Method for Producing Lithium Hydroxide, Method for Producing Lithium- Containing Sulfide Solid Electrolyte Raw Material, and Method for Producing Sulfide Solid Electrolyte

This is a bypass continuation of International Application No. PCT/JP2024/004665 filed on Feb. 9, 2024, and claims priority from Japanese Patent Application No. 2023-031335 filed on Mar. 1, 2023, the entire content of which is incorporated herein by reference.

The present invention relates to a method for producing lithium hydroxide, a method for producing a sulfide solid electrolyte raw material containing lithium, and a method for producing a sulfide solid electrolyte, and more particularly to a method for producing lithium hydroxide, a method for producing lithium sulfide, a method for producing a sulfide solid electrolyte raw material containing lithium, a method for producing lithium hydroxide and a sulfide solid electrolyte raw material containing lithium, a method for producing a sulfide solid electrolyte, a lithium hydroxide-containing composition for synthesizing a sulfide solid electrolyte, a lithium sulfide-containing composition for synthesizing a sulfide solid electrolyte, and a lithium halide-containing composition for synthesizing a sulfide solid electrolyte.

Lithium ion secondary batteries are widely used in portable electronic devices such as mobile phones and notebook computers. Conventionally, liquid electrolytes have been used in lithium ion secondary batteries. On the other hand, in recent years, attention has been paid to an all-solid-state lithium ion secondary battery in which a solid electrolyte is used as an electrolyte of a lithium ion secondary battery because improvement in safety, high-speed charging and discharging, miniaturization of a case, and the like can be expected.

Examples of the solid electrolyte used in the all-solid-state lithium ion secondary battery include a sulfide solid electrolyte. Lithium sulfide, which is one of raw materials of the sulfide solid electrolyte, is obtained, for example, by reacting lithium hydroxide with hydrogen sulfide. Lithium halide, which is one of the raw materials of the sulfide solid electrolyte, is also obtained, for example, by reacting lithium hydroxide with hydrogen halide. As described above, lithium hydroxide is used for synthesizing lithium sulfide and lithium halide, which are raw materials of the sulfide solid electrolyte. For the synthesis of such lithium hydroxide, a method of reacting lithium carbonate with calcium hydroxide is known (for example, Patent Literature 1).

In the method of synthesizing lithium hydroxide by reacting lithium carbonate and calcium hydroxide, lithium hydroxide is synthesized by adding lithium carbonate and calcium hydroxide to water and stirring them, and then lithium hydroxide is recovered by being dissolved in water. However, when the aqueous solution is recovered, the solid content to be removed by the solid-liquid separation includes unreacted lithium carbonate or a lithium hydroxide aqueous solution which is synthesized by the reaction but exists wet with the solid content.

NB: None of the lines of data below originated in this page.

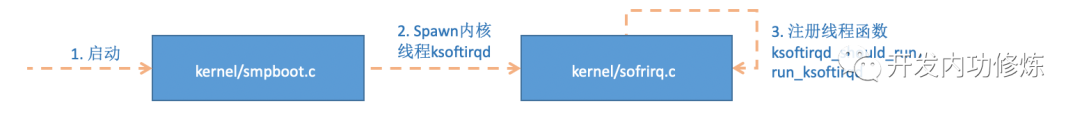 系统初始化的时候在kernel/smpboot.c中调用了smpboot_register_percpu_thread, 该函数进一步会执行到spawn_ksoftirqd(位于kernel/softirq.c)来创建出softirqd进程。
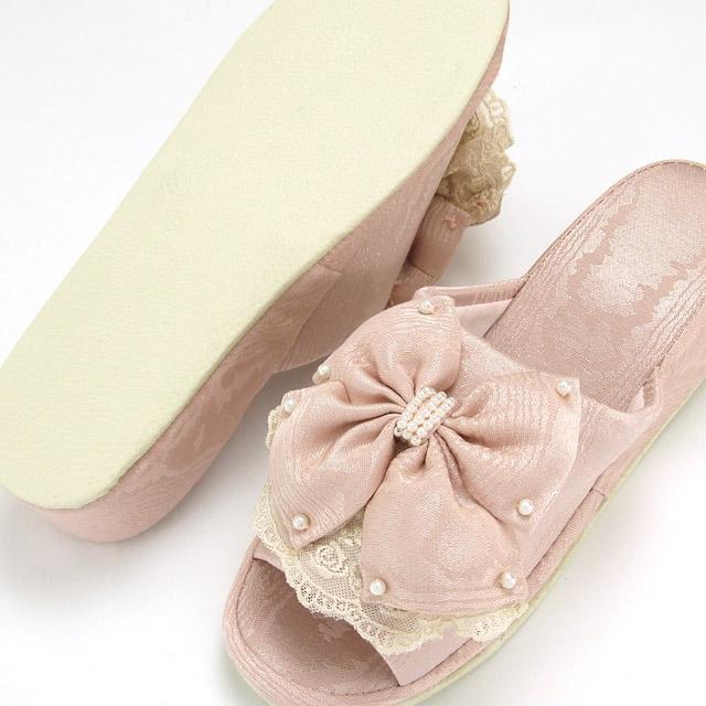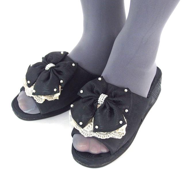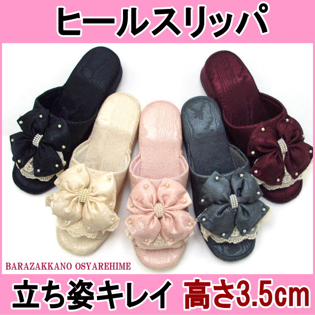 【在庫一掃★残りわずか】スリッパ ヒール レース リボン かわいい 室内 ラルイス プリンセス パール 薔薇 姫系 レディース 授業参観 おしゃれ 卒園式 来客用
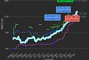 - 하단에 이어지는 거래량 막대차트(bar chart)와 함께 비교해보는 것이 좋습니다.
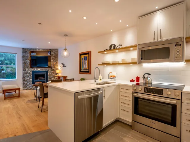 Completely renovated condo with high end finishings including heated flooring, new kitchen and bathrooms, custom millwork with smart storage features and in suite laundry. Centrally located on the slopes of Blackcomb Mountain, this beautiful condo also boasts a private, tranquil location in the complex overlooking the forest. A perfect all season location for ski in/out access, bike trails, lakes, golf courses and Whistler Village restaurants and shops. The Wildwood Lodge amenities include a large seasonal swimming pool and year round covered hot tub, secure underground parking and a personal storage locker for bikes and skis. Turnkey and fully furnished, this property is ready for immediate enjoyment with flexible zoning allowing for nightly rentals or full time personal use. GST paid.
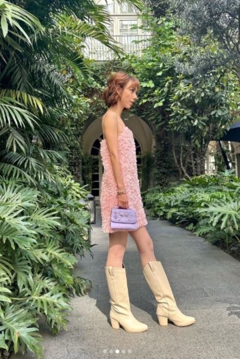 Es por ello que la artista utilizó su cuenta de redes sociales para presumir su destacado 'outfit'. En dicha publicación aparece con un encantador vestido rosa claro, el cual combinó con distinguidos accesorios plateado, mismos que presumió desde los foros de Unciable.
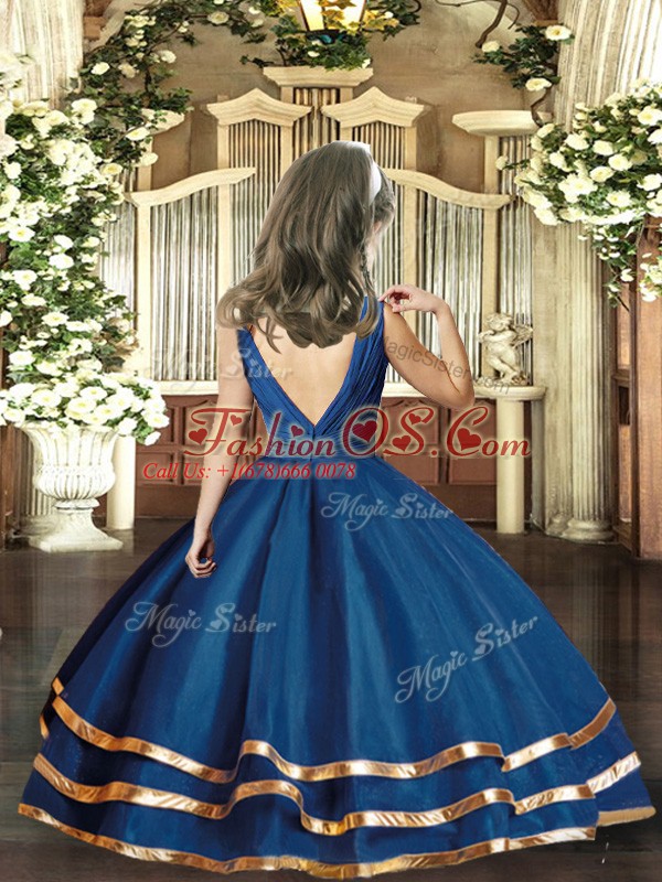 Custom Designed Organza V-neck Sleeveless Backless Beading and Ruching Pageant Dress for Girls in Purple
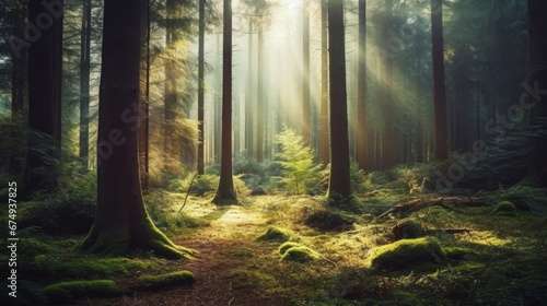 © ArtStage, Obraz premium A hazy picture of a forest with sunlight filtering AI generated illustration
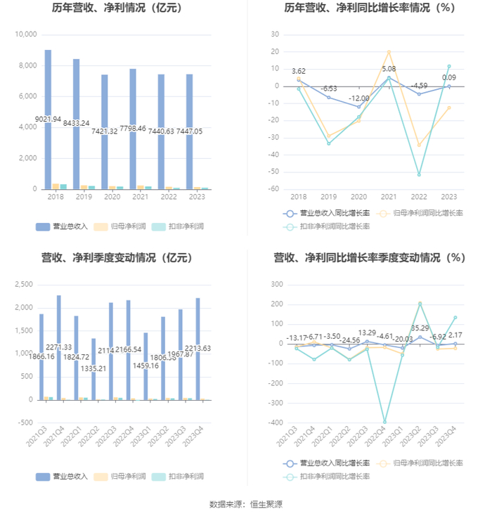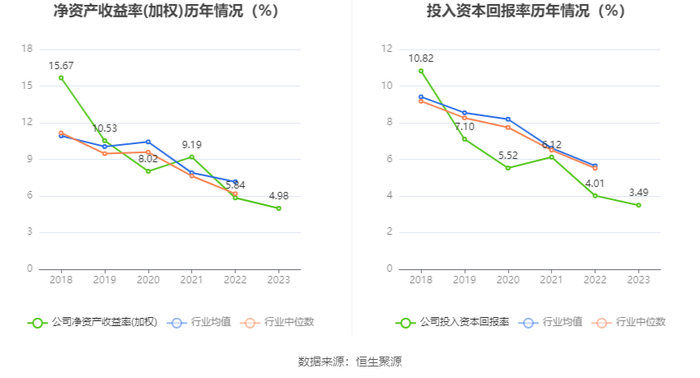 数据显示,2023年公司加权平均净资产收益率为4.98%,较上年同期下降0.86个百分点;公司2023年投入资本回报率为3.49%,较上年同期下降0.52个百分点。

Therefore, at the time of solid-liquid separation, the lithium component is also removed together with the solid content, and there is a problem that the recovery rate of the lithium component as lithium hydroxide is low.

In order to increase the recovery rate of the lithium component as lithium hydroxide, the solid content removed by the solid-liquid separation is recovered, and water is added again, whereby unreacted lithium carbonate can be reacted to obtain lithium hydroxide, or lithium hydroxide present wet with the solid content can be dissolved in water and recovered. However, in that case, in order to increase the recovery rate of the lithium component, it is necessary to assemble a number of similar steps, and there is a problem that the manufacturing equipment becomes large.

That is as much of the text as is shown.